Dataset records
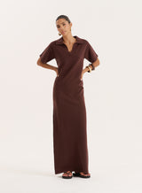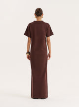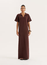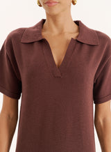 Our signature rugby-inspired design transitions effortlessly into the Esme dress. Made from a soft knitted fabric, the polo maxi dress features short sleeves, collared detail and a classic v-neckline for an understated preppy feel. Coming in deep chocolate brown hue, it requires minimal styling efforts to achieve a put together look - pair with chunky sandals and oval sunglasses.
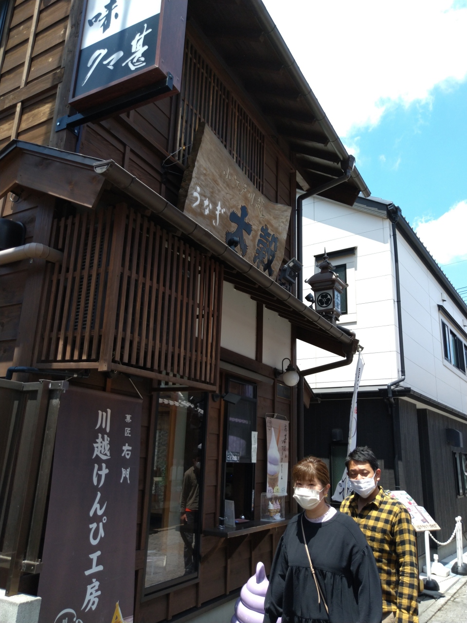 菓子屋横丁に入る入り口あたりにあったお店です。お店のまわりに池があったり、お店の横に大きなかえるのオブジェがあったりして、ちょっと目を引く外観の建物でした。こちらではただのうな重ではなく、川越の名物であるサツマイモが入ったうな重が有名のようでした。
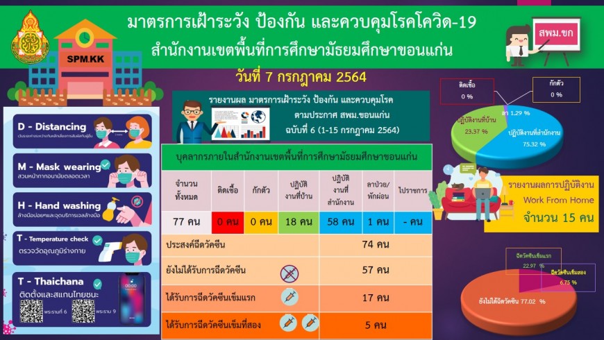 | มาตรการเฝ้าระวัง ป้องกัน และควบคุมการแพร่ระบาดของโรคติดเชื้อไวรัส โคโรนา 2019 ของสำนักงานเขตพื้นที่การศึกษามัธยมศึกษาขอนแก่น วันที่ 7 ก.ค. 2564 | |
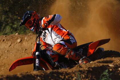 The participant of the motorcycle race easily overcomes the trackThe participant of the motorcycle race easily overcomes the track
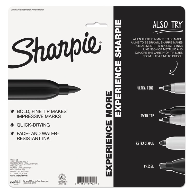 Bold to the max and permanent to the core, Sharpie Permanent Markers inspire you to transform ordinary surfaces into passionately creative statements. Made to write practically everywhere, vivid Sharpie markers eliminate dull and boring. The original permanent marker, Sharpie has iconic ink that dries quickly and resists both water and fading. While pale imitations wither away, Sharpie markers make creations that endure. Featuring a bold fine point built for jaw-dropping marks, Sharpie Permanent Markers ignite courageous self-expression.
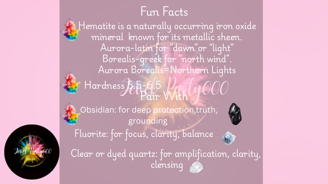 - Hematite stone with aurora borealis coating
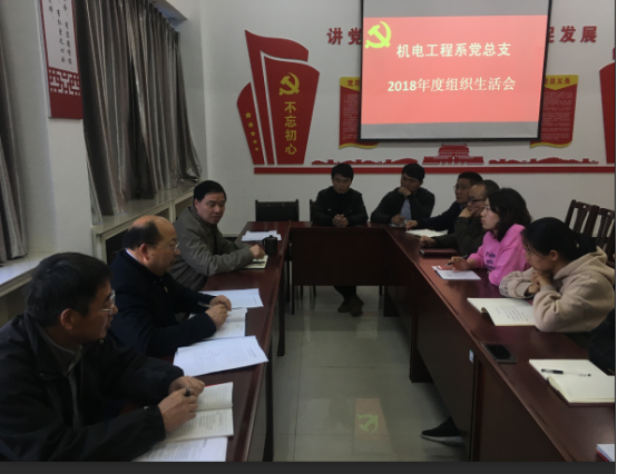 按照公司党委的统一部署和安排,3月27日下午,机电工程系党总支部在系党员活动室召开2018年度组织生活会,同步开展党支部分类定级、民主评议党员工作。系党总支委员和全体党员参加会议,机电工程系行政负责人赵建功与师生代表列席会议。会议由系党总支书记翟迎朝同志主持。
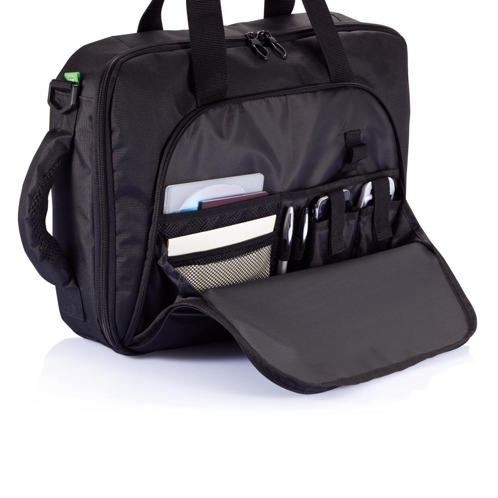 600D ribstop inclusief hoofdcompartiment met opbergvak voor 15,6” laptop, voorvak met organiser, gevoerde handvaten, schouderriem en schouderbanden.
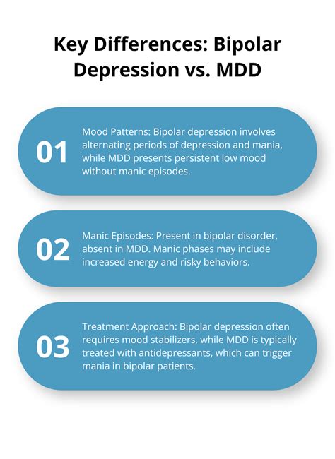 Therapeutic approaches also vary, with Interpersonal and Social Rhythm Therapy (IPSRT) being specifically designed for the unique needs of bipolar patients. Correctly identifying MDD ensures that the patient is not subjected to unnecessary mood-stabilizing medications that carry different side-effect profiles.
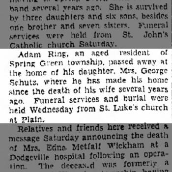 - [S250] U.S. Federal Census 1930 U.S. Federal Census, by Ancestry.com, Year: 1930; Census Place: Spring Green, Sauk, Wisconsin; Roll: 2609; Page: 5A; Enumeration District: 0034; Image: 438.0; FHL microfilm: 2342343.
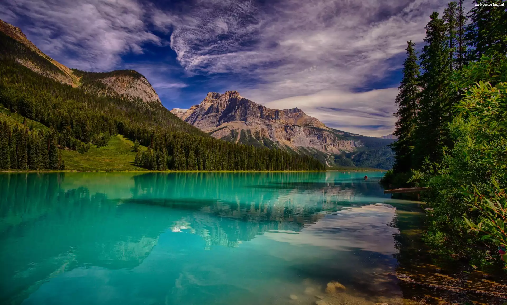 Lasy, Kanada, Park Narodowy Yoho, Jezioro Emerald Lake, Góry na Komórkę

● REQUIRED WORK
Copy out the entries verbatim, but skip every picture.

● TASK SOLUTION
 Our signature rugby-inspired design transitions effortlessly into the Esme dress. Made from a soft knitted fabric, the polo maxi dress features short sleeves, collared detail and a classic v-neckline for an understated preppy feel. Coming in deep chocolate brown hue, it requires minimal styling efforts to achieve a put together look - pair with chunky sandals and oval sunglasses.
 菓子屋横丁に入る入り口あたりにあったお店です。お店のまわりに池があったり、お店の横に大きなかえるのオブジェがあったりして、ちょっと目を引く外観の建物でした。こちらではただのうな重ではなく、川越の名物であるサツマイモが入ったうな重が有名のようでした。
 | มาตรการเฝ้าระวัง ป้องกัน และควบคุมการแพร่ระบาดของโรคติดเชื้อไวรัส โคโรนา 2019 ของสำนักงานเขตพื้นที่การศึกษามัธยมศึกษาขอนแก่น วันที่ 7 ก.ค. 2564 | |
 The participant of the motorcycle race easily overcomes the trackThe participant of the motorcycle race easily overcomes the track
 Bold to the max and permanent to the core, Sharpie Permanent Markers inspire you to transform ordinary surfaces into passionately creative statements. Made to write practically everywhere, vivid Sharpie markers eliminate dull and boring. The original permanent marker, Sharpie has iconic ink that dries quickly and resists both water and fading. While pale imitations wither away, Sharpie markers make creations that endure. Featuring a bold fine point built for jaw-dropping marks, Sharpie Permanent Markers ignite courageous self-expression.
 - Hematite stone with aurora borealis coating
 按照公司党委的统一部署和安排,3月27日下午,机电工程系党总支部在系党员活动室召开2018年度组织生活会,同步开展党支部分类定级、民主评议党员工作。系党总支委员和全体党员参加会议,机电工程系行政负责人赵建功与师生代表列席会议。会议由系党总支书记翟迎朝同志主持。
 600D ribstop inclusief hoofdcompartiment met opbergvak voor 15,6” laptop, voorvak met organiser, gevoerde handvaten, schouderriem en schouderbanden.
 Therapeutic approaches also vary, with Interpersonal and Social Rhythm Therapy (IPSRT) being specifically designed for the unique needs of bipolar patients. Correctly identifying MDD ensures that the patient is not subjected to unnecessary mood-stabilizing medications that carry different side-effect profiles.
 - [S250] U.S. Federal Census 1930 U.S. Federal Census, by Ancestry.com, Year: 1930; Census Place: Spring Green, Sauk, Wisconsin; Roll: 2609; Page: 5A; Enumeration District: 0034; Image: 438.0; FHL microfilm: 2342343.
 Lasy, Kanada, Park Narodowy Yoho, Jezioro Emerald Lake, Góry na Komórkę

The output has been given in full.